[[ RECORDS FOR PROCESSING open ]]
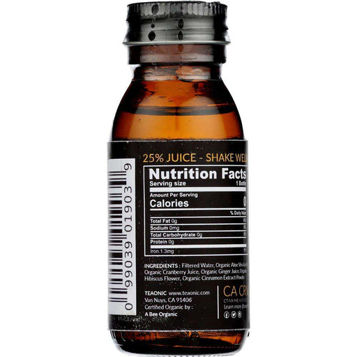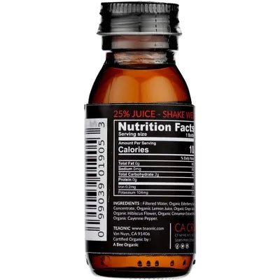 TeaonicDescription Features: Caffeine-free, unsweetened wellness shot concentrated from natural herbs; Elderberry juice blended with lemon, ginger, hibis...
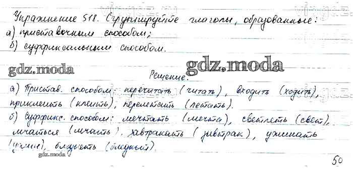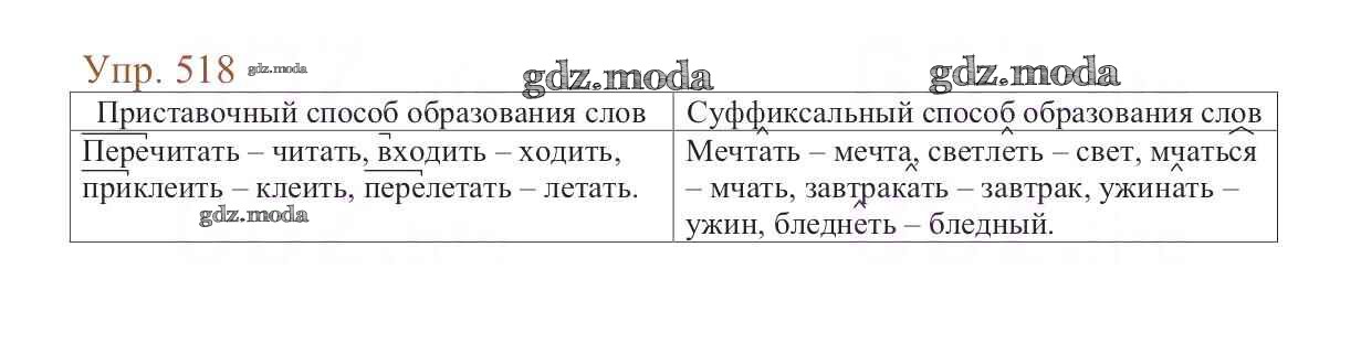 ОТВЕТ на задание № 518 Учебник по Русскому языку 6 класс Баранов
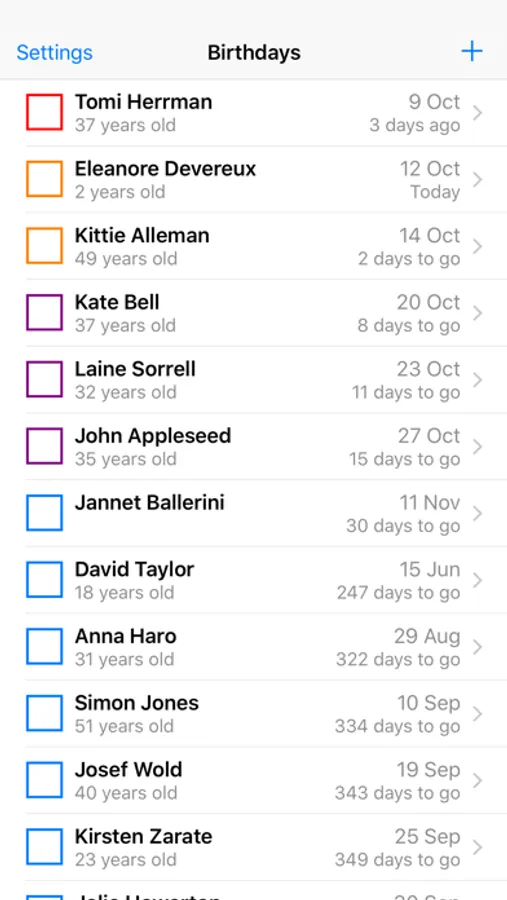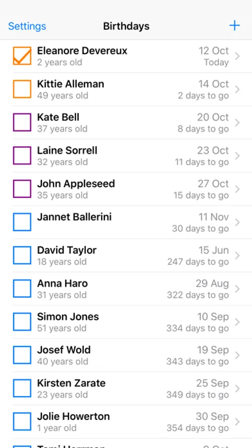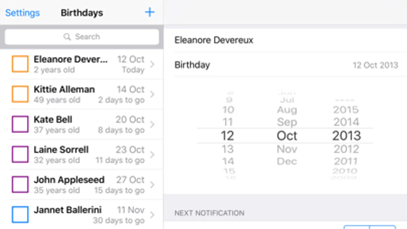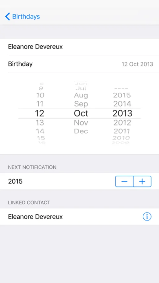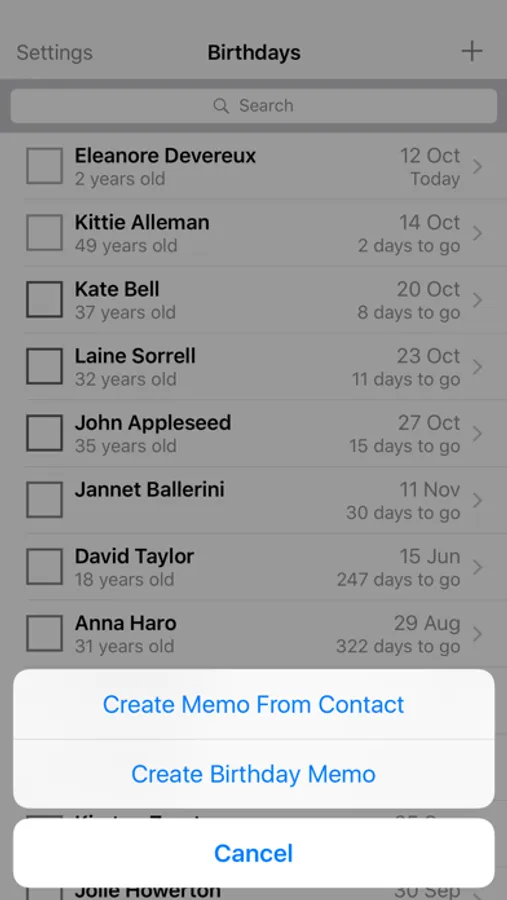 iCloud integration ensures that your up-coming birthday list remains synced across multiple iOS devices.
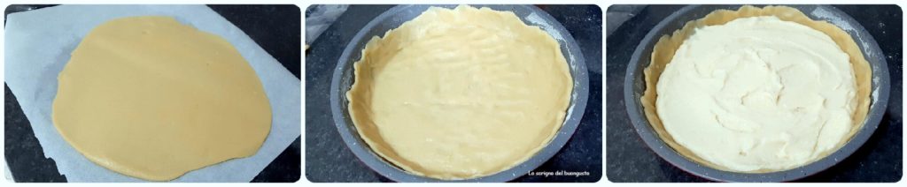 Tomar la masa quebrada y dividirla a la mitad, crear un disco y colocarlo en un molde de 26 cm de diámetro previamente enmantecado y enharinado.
[[ RECORDS FOR PROCESSING closed ]]
[[ RECORDS FOR PROCESSING open ]]
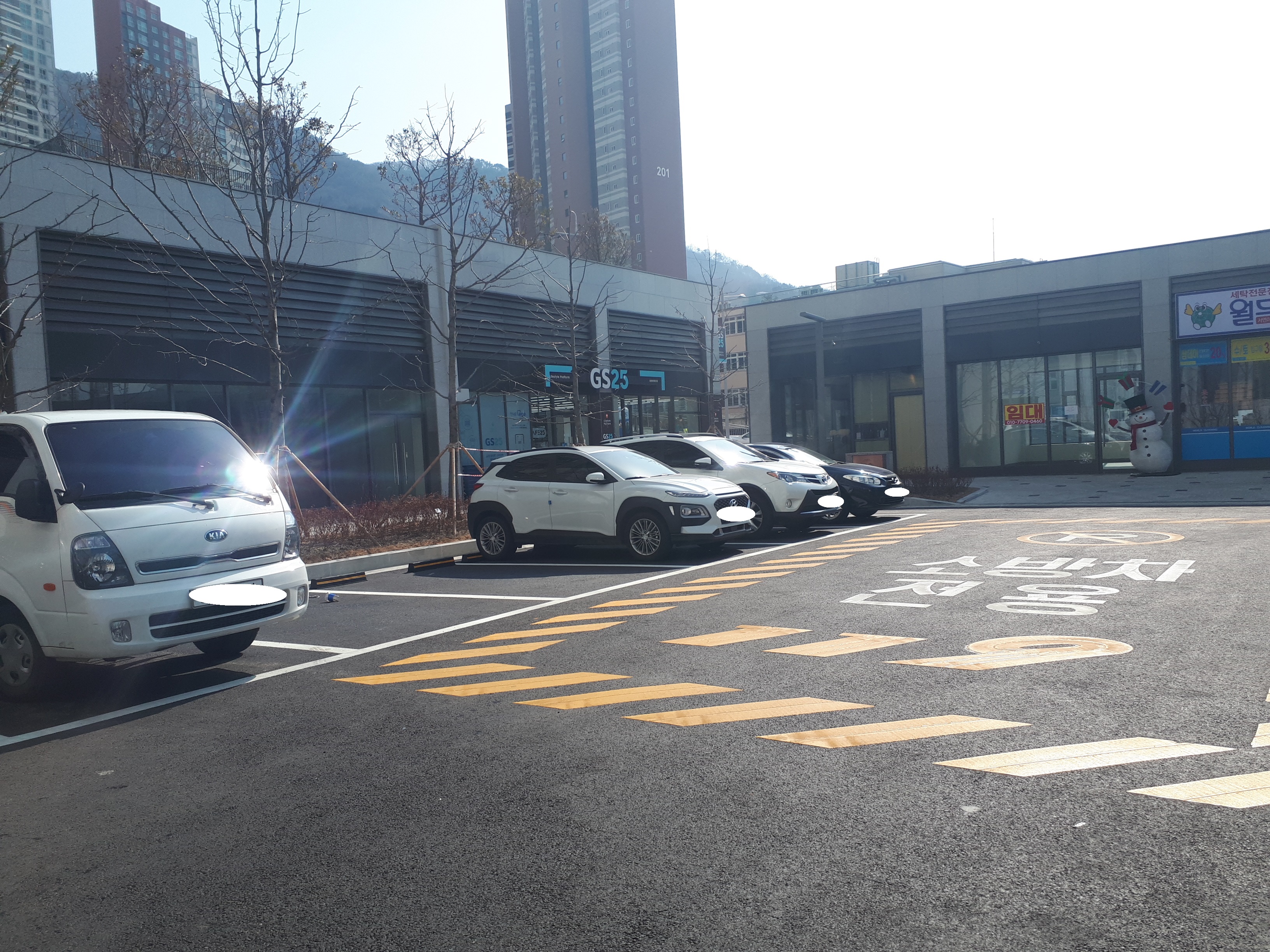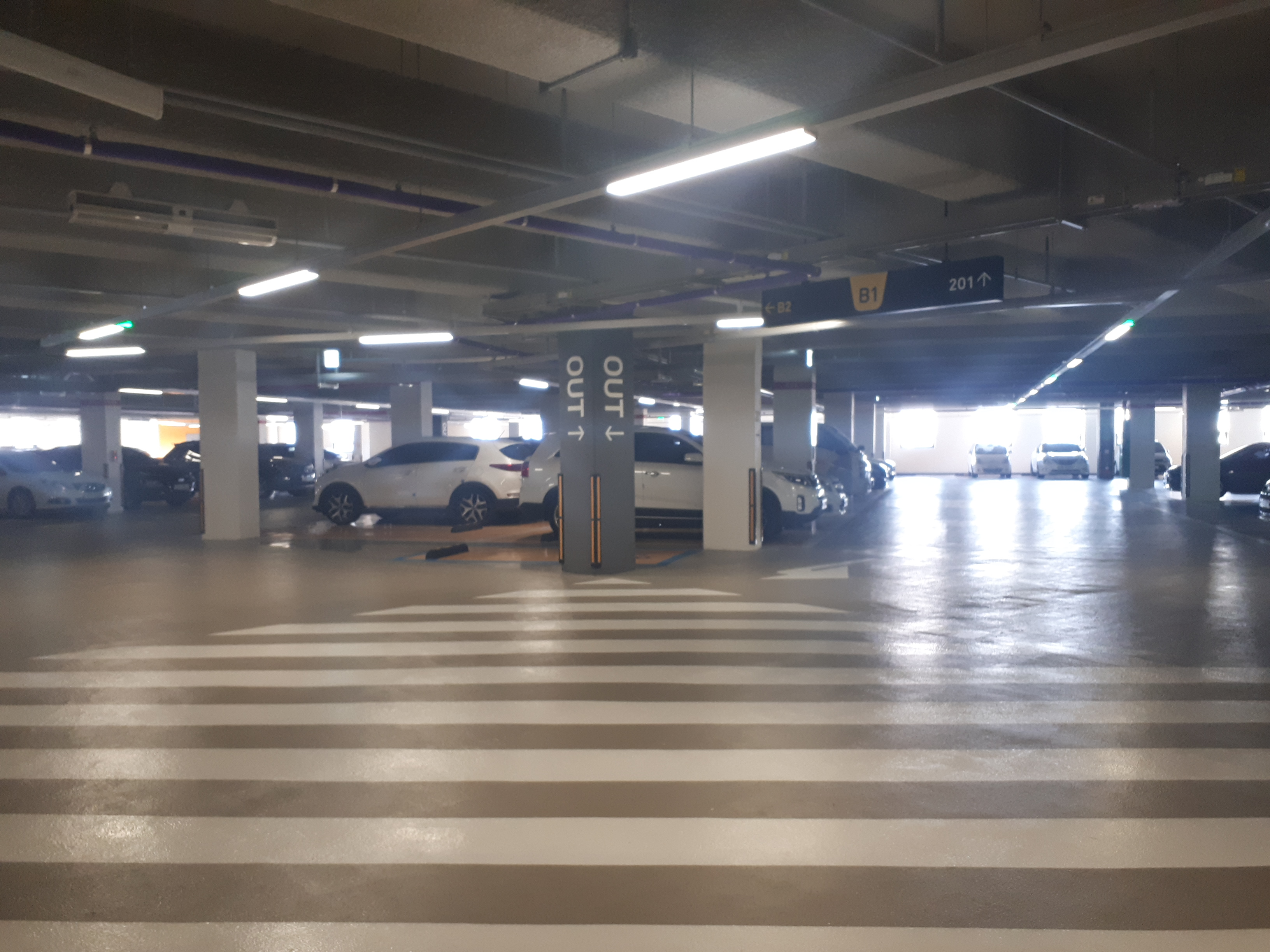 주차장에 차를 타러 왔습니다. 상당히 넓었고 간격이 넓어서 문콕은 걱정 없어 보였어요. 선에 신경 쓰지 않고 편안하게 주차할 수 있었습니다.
[[ RECORDS FOR PROCESSING closed ]]
--- TASK TO COMPLETE ---
What you need to produce is an exact copy of the entries above, limited to the lines from the one with "ОТВЕТ на задание" up to and including the one with "Tomar la masa", without pictures.

--- RESPONSE AREA ---
 ОТВЕТ на задание № 518 Учебник по Русскому языку 6 класс Баранов
 iCloud integration ensures that your up-coming birthday list remains synced across multiple iOS devices.
 Tomar la masa quebrada y dividirla a la mitad, crear un disco y colocarlo en un molde de 26 cm de diámetro previamente enmantecado y enharinado.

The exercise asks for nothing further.